- Exercise instructions:
Beneath this line sits some data. Return only its lines from the one holding "折叠盒 Size:36×30 Miumiuu缪缪新品千鸟格单肩托特包" through the one holding "I started my", inclusive, exactly, with the images removed.

- Data supplied:
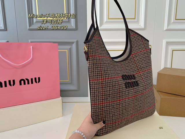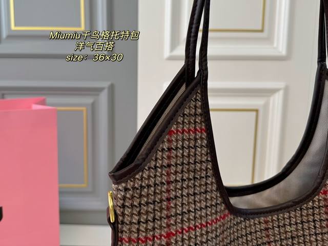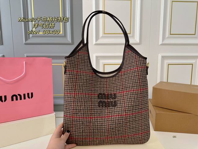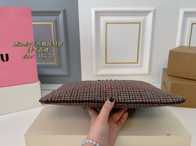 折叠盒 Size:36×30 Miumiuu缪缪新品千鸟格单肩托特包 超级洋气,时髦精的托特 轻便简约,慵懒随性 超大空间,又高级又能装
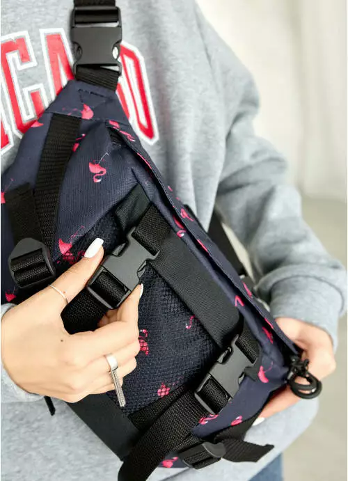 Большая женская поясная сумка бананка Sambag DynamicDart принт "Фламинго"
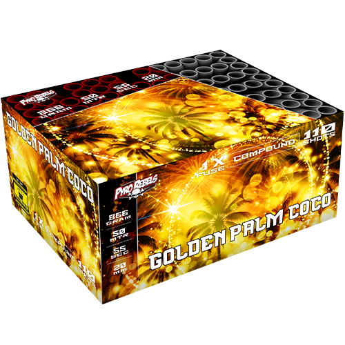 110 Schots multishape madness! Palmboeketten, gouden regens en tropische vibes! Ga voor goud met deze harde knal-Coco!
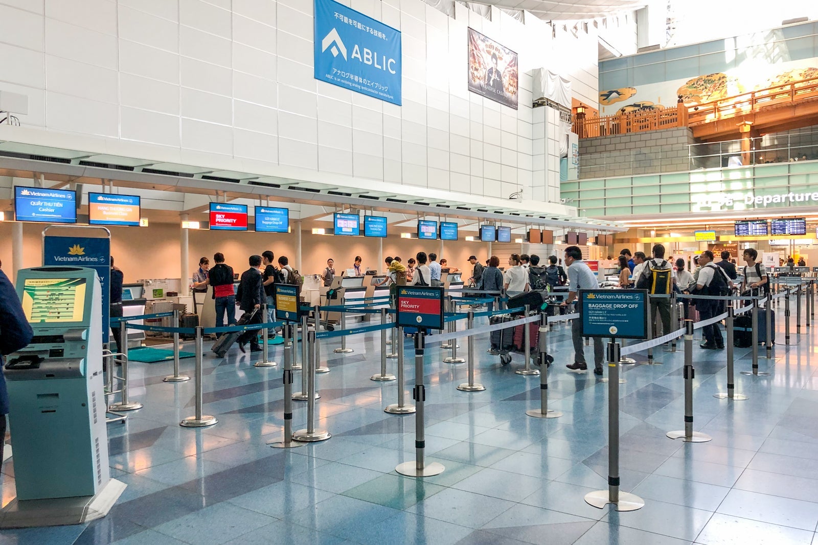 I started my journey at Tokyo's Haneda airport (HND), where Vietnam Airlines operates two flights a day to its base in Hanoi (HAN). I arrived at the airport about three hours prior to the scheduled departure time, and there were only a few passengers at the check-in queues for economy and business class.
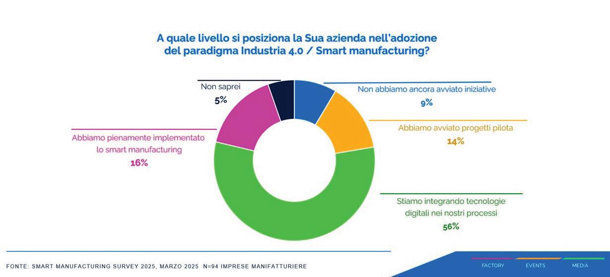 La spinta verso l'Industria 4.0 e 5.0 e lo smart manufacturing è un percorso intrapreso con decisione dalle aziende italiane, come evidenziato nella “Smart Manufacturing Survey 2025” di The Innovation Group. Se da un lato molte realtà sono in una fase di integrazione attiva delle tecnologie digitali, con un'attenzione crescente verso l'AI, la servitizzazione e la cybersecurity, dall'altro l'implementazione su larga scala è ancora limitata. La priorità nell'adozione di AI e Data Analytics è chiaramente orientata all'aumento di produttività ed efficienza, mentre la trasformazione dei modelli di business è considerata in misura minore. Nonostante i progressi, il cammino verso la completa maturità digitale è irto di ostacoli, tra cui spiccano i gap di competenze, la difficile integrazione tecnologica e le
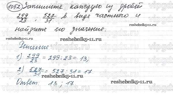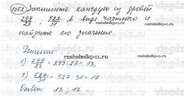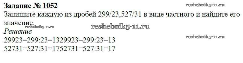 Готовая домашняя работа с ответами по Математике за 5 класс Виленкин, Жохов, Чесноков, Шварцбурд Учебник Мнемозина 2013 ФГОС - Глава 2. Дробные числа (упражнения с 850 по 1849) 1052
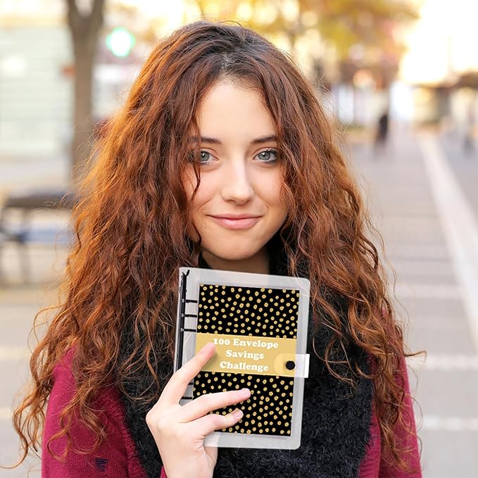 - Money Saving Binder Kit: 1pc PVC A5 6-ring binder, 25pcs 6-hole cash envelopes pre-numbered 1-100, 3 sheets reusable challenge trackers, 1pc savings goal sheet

* * *

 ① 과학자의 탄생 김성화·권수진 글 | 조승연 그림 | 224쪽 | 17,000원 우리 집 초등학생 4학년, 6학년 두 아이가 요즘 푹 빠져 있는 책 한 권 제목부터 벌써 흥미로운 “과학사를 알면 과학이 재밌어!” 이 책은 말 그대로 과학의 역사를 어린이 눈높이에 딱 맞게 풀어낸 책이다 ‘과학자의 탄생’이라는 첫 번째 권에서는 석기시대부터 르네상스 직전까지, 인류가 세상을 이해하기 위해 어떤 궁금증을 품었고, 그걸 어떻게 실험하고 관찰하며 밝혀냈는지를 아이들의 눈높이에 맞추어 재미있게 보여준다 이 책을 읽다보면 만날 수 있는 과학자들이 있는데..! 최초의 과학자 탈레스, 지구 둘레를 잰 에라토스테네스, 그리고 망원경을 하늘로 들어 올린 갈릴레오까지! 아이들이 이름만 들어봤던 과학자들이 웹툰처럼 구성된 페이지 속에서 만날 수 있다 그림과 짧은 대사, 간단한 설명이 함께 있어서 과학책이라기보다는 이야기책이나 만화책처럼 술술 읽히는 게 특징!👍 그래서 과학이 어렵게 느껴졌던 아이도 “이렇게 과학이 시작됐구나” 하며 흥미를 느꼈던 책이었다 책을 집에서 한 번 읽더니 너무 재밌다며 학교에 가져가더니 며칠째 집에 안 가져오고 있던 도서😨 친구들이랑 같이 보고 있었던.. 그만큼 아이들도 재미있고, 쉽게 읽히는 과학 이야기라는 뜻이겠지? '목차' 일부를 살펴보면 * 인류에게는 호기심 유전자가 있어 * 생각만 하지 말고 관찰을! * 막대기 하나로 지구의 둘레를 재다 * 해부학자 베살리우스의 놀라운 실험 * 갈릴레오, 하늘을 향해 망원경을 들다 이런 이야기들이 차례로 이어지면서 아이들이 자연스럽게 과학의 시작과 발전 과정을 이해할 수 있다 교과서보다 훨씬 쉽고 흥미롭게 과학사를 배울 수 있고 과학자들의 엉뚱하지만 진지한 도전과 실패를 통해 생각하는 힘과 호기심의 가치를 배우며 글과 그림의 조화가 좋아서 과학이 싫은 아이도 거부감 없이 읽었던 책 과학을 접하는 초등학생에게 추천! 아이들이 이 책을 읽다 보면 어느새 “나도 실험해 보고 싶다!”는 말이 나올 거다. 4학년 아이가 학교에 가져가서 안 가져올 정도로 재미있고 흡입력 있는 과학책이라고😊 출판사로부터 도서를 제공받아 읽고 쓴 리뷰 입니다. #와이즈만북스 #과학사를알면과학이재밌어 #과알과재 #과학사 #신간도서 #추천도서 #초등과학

- Response below:
 折叠盒 Size:36×30 Miumiuu缪缪新品千鸟格单肩托特包 超级洋气,时髦精的托特 轻便简约,慵懒随性 超大空间,又高级又能装
 Большая женская поясная сумка бананка Sambag DynamicDart принт "Фламинго"
 110 Schots multishape madness! Palmboeketten, gouden regens en tropische vibes! Ga voor goud met deze harde knal-Coco!
 I started my journey at Tokyo's Haneda airport (HND), where Vietnam Airlines operates two flights a day to its base in Hanoi (HAN). I arrived at the airport about three hours prior to the scheduled departure time, and there were only a few passengers at the check-in queues for economy and business class.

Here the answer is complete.